Re: auto removing stale pid for postmaster NT service

From: Tom Lane <tgl(at)sss(dot)pgh(dot)pa(dot)us>
To: Andrew Sullivan <andrew(at)libertyrms(dot)info>
Cc: pgsql-admin(at)postgresql(dot)org
Subject: Re: auto removing stale pid for postmaster NT service
Date: 2002-09-16 21:27:38
Message-ID: 2208.1032211658@sss.pgh.pa.us
Views: Raw Message | Whole Thread | Download mbox | Resend email
Thread:
Lists: pgsql-admin

Andrew Sullivan <andrew(at)libertyrms(dot)info> writes:
> This is because there is a process with the same pid as the
> postmaster. This will happen in cases where the machine crashes and
> starts up again -- something else happens to get the (former)
> postgres pid at startup, and so when postgres checks for a process
> with that pid, one exists.
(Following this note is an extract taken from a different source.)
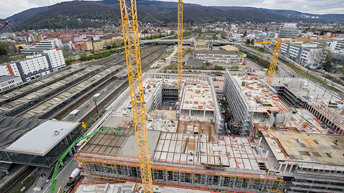 Heidelberg. (pm) Direkt am Heidelberger Hauptbahnhof entsteht ein neues Stadtentree. Nach eineinhalb Jahren Bauzeit sind der neue Europaplatz und sein Ensemble aus fünf Gebäuden deutlich zu erkennen.
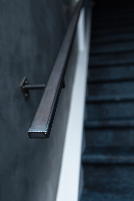Ons ontwerp richtte zich op het creëren van sfeer, balans en beleving. Door de ruimte op te delen en te werken met harmonieuze kleurvlakken, ontstond direct meer rust. De wand bij de trap kreeg een retro afwerking met verschillende structuren in één tint, waardoor er subtiel diepte en karakter werd toegevoegd. Rondom de trap ontwierpen we een stalen frame dat de ruimte richting geeft en het geheel een krachtig architectonisch accent geeft.

And kerplooey.

FYI, sendmail has the same restart failure mode; I imagine a lot of
other Unix daemons do too.

> I seem to recall that someone (maybe Tom Lane?) suggested an
> extension to the current pidfile check, so that it will also check to
> see if the process really is PostgreSQL. But I don't know if it was
> implemented.

It wasn't yet, mainly because it's not obvious how to tell reliably
whether some other process is a postmaster or not.

I think I had suggested distinguishing EPERM from other kill() errors,
which would tell us whether the other process is under the same userid
as us or not; if not, we could perhaps safely assume that it's not a
postmaster (or at least not one likely to be using our data directory).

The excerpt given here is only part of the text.